Я готовился, ничего не говоря ему. И только тогда, когда, по мнению Реды, в тайге подсохло и можно уже было двигаться в путь, я позвал Хвощинского в хозчасть. Он согласился сразу…
Днем я простился с Редой. Пересмотрел вещи, бумаги, все, что не нужно, выбросил или уничтожил. Из вещей взял самое необходимое, такое, что не могло выдать, откуда я. Пересчитал деньги: своих около пятидесяти рублей. Еще в кассе — двести с лишним. Кража, конечно, но у нас украли неизмеримо больше, а деньги будут нужны — положил в карман и эти. В кассе еще много лагерных денег, для заключенных — жаль, они нам ни к чему.
Вечером, часов в одиннадцать, взворошил одеяло на койке: если кто случайно войдет, пусть думает, что я спал и на минуту вышел. Осмотрелся: сюда я больше не вернусь.
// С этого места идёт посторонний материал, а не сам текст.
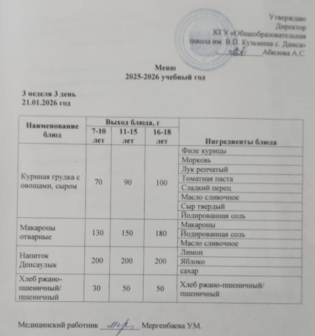 КГУ «Общеобразовательная школа им. В.П. Кузьмина села Дамса отдела образования по Шортандинскому району управления образования Акмолинской области»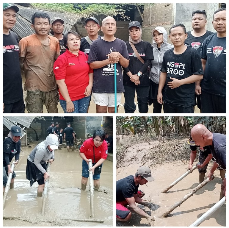Hal ini terlihat saat Komunitas Ngopi Broo dan AWIBB bersama masyarakat sekitar bergotong royong membersihkan sisa banjir lumpur, di wilayah RT 007/002 No. 111, Kelurahan Teluk Pucung, Kecamatan Bekasi Utara, Kota Bekasi.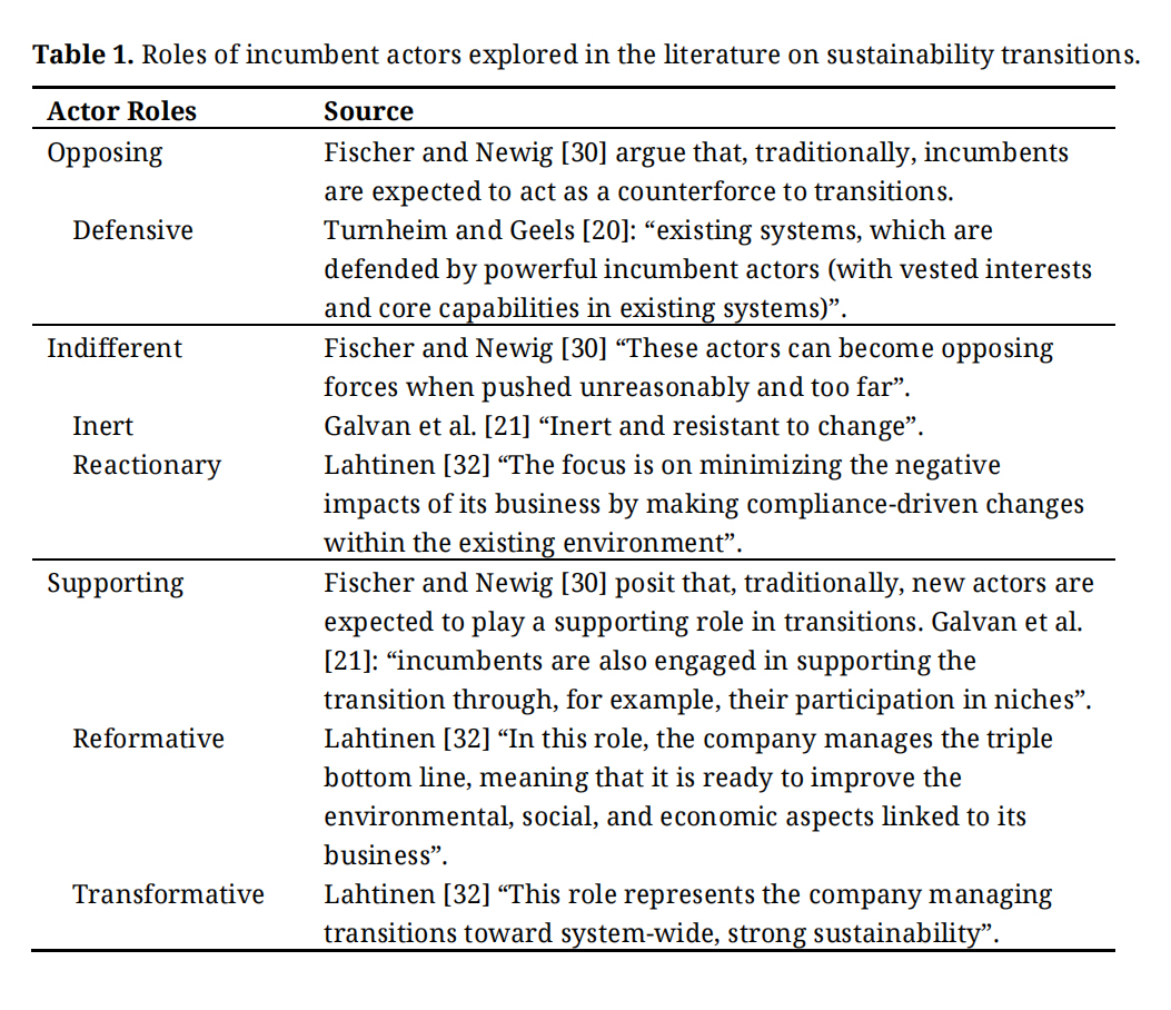 Recent studies pay attention to the supporting role of incumbent actors in transitions [6,15,19–21] in addition to their defensive role in transitions. Fischer and Newig [30] distinguish between an opposing, an indifferent and a supporting role for actors in transitions. Galvan et al. [21] distinguish actor roles between inert, resistant to change and supportive of transitions. According to Lahtinen [32], an incumbent actor can act to contribute to transitions through a reactionary, reformative or transformative role. The actor roles explored in these studies are presented in

Во мне ни волнения, ни суеты, я абсолютно спокоен. К этой давно ожидаемой минуте душа и тело словно собрались в комок. И обострились еще больше чувства: движения четки и уверенны. Ничего лишнего. Будто вместе с уничтоженным ненужным барахлом я выбросил на время лишнее и из себя. И тело оказалось легким и странно напружиненным: легко и вместе с тем крепко.
Автоматически прислушиваясь и не оглядываясь, неторопливо выхожу из барака — не на дорогу, а в лес. Не раз пройденным для проверки путем прошел к кустам за поворотом дороги. В кустах ждет Хвощинский. Увидев меня, он молча и суматошно обрадовался. Стороной мелькнула мысль: неужели он думал, что я могу не придти?
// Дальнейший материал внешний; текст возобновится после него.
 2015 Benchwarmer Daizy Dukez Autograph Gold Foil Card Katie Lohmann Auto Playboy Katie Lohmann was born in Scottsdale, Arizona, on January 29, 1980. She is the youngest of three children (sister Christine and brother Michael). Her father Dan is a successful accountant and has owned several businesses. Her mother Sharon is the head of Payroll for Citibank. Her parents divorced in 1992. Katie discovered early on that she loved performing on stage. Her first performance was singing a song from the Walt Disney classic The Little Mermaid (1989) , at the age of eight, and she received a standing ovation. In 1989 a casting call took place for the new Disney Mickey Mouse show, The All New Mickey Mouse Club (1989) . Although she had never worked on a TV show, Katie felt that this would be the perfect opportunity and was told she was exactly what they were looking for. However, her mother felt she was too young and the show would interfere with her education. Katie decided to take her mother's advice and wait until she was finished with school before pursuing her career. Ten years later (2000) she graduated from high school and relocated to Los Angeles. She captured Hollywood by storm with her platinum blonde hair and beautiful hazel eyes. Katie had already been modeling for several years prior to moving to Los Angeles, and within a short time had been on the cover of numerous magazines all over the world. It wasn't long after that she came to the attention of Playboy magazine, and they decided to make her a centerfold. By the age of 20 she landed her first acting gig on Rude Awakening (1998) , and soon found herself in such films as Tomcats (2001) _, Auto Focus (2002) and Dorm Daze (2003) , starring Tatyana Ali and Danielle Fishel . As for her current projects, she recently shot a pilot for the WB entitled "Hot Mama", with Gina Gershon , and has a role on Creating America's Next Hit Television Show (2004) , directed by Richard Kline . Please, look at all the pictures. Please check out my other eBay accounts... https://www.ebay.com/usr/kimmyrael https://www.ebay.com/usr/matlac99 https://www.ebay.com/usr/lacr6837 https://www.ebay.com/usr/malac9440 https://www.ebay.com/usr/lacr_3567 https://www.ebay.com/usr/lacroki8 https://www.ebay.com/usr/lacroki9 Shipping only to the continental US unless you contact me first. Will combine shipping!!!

Охранники, я знаю, дуются в карты или спят. В лес их ночью не выманишь. Теперь только не наткнуться на начальника группы, любителя шляться во всякое время по лесу с ружьем. Может быть, он где-нибудь поблизости?
Шагая размашисто и сторожко, чтобы не хрустнула под ногами случайная ветка, идем лесом, вдоль дороги. Белая ночь раскинула между деревьями чуть заметную пелену. В стороны видно далеко. Не шелохнет ни один лист. Слышен только шорох наших шагов; слух ловит даже дыхание соседа, он готов броситься на каждый шелест, чтобы предупредить. Но ничего нет, все замерло, может быть, спит. И только мы двое идем по лесу.